Si tu veux gagner du temps :

  1. Rolex, c’est sublime. Va plus loin que les 5513, les sportives en 40 mm et les Datejust d’aujourd’hui. Tu verras.

  2. Le diamètre, ce n’est pas important. Ta tolérance va évoluer. 36 mm reste la taille la plus élégante qui va à tous les poignets. (voir l’article)

  3. Ce ne sont pas les montres qui font la hype d’aujourd’hui que tu regretteras, mais les achats coup de tête pas chers dans un état moyen et trop proche de ce que tu aurais vraiment voulu. Les gens avec des Bulova Seville, on vous voit.

  4. Il y a patine et patine. Trois fois sur quatre, la montre est flinguée, pas patinée

  5. Ne transige pas. Si tu aimes une Cartier Santos, achète-en une. N’achète pas un modèle qui y ressemble ou une montre en mauvais état simplement parce que le prix correspond à ce que tu peux te permettre aujourd’hui. Attends 2 ou 3 ans. Tu as le temps. Tu pourras en profiter pleinement plutôt que de regretter un compromis que tu finiras par laisser au fond d’un tiroir.

Le dernier point est le plus important pour moi.
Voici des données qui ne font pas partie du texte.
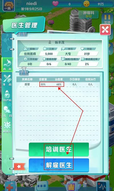 3、玩家在成功聘用医生后还可以查看医生的职业以及治愈率,如果治愈率过低,可以对其进行培训,提高水平,如果过低,可以将其直接开除。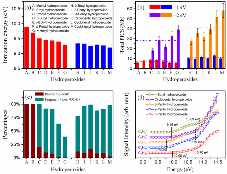 图1(a)烷基过氧化物的电离能,(b)总的光电离截面,(c)光解离通道占比,(d)OOH脱去路径的出现势

J’aurais voulu qu’on me l’explique plus tôt.

C'était ça dont j'avais besoin depuis le début en fait

J’ai une Speedmaster que je ne mets quasiment plus car elle est bizarre (pièces changées, bracelet et fond qui ne matchent pas, années 90 pas très sexy), je ne la vendrai jamais et elle a un poids sentimental énorme, mais je ne la porte plus trop.

J’ai une Rolex Bubble Back ref. 2764. Je m’étais persuadé de prendre celle-là, pas trop chère, pour voir si j’aimais, et ensuite acheter une 3131. Mais en fait, je ne la mets pas parce qu’elle est fragile (années 30-40), et en plus, ce n’est pas celle que je voulais. Je voulais une 3131, j’aurais dû acheter une 3131.
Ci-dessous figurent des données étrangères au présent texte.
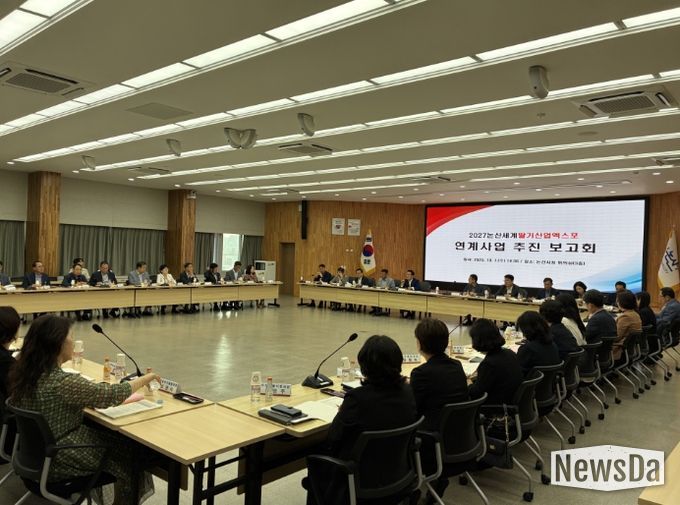 뉴스다 최광묵 기자 | 논산세계딸기산업엑스포 조직위원회는 1일 논산시청 회의실에서 ‘2027 논산세계딸기산업엑스포 연계사업 추진 보고회’를 열고, 성공적 개최를 위한 부서별 추진 방향과 전략 과제를 공유했다.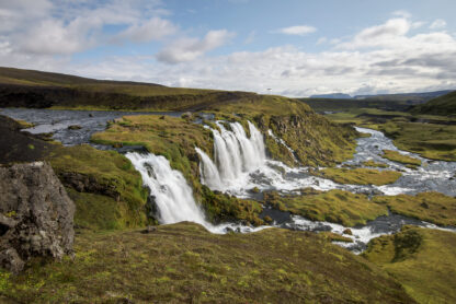 Ófærufoss is located a few kilometers off the F208 road, about halfway between Landmannalaugar and the Ring Road (crossing several rivers in both directions is necessary). From the parking area, it takes less than fifteen minutes to walk to Ófærufoss. The path is easy, and you will simply follow upstream.

Pour le moins très jolie !

Ma Polerouter, c’est pareil. Je voulais un modèle Microtor cadran noir, j’ai acheté un bumper cadran gris. Le pire, c’est que des années après, pour mon meilleur ami (en mission pour sa compagne de l’époque), j’ai trouvé et acquis une version plaquée or rose cadran noir Microtor sublime, moins chère que la mienne !

Rédemption

Aujourd’hui, j’ai changé mon fusil d’épaule. Je ne fais plus de compromis. J’attends patiemment pour non seulement acheter la montre que je veux, mais aussi dans l’état et la configuration que je veux. Et tout ça, pas à n’importe quel prix.
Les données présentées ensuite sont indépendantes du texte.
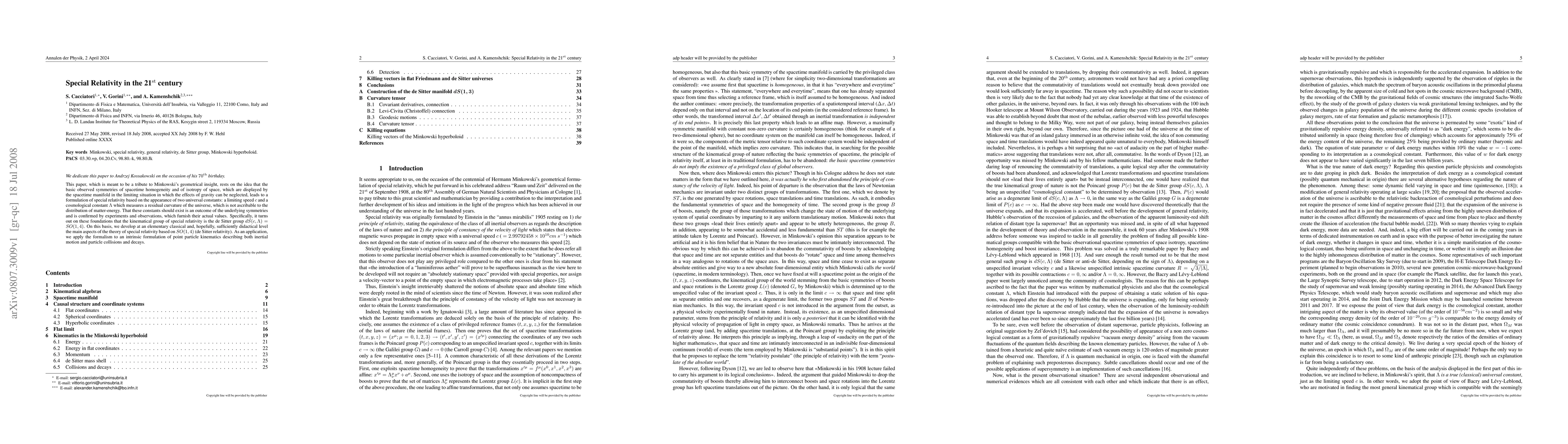 This paper, which is meant to be a tribute to Minkowski's geometrical insight, rests on the idea that the basic observed symmetries of spacetime homogeneity and of isotropy of space, which are displayed by the spacetime manifold in the limiting situation in which the effects of gravity can be neglected, leads to a formulation of special relativity based on the appearance of two universal constants: a limiting speed $c$ and a cosmological constant $\Lambda$ which measures a residual curvature of the universe, which is not ascribable to the distribution of matter-energy. That these constants should exist is an outcome of the underlying symmetries and is confirmed by experiments and observations, which furnish their actual values. Specifically, it turns out on these foundations that the kinematical group of special relativity is the de Sitter group $dS(c,\Lambda)=SO(1,4)$. On this basis, we develop at an elementary classical and, hopefully, sufficiently didactical level the main aspects of the theory of special relativity based on SO(1,4) (de Sitter relativity). As an application, we apply the formalism to an intrinsic formulation of point particle kinematics describing both inertial motion and particle collisions and decays.

Attention, ça n’exclut pas la petite sortie de parcours de temps en temps. J’ai une Benrus en or rose 14k qui peut témoigner. Mais cette fois-ci, ce n’est pas n’importe quoi. C’est une montre en or, avec un cadran saumon, un style art déco que j’affectionne, achetée à un pro pendant mes vacances, révisée, dans un état plus que correct. On est loin de la trouvaille en chrome chez l’antiquaire ou le stand de brocante à 15 balles qui prend la rouille.

J’essaie maintenant vraiment de m’imposer une sorte de rigueur que j’aurais vraiment voulu avoir plus tôt dans mon parcours.

J’espère que ce moment passé dans ma tête pourra vous faire gagner un peu de temps. Vous faire sauter quelques étapes ou alors les reconnaître pour mieux en éviter les pièges. Avec pour objectif que vous ayez le moins possible de regrets dans votre collection.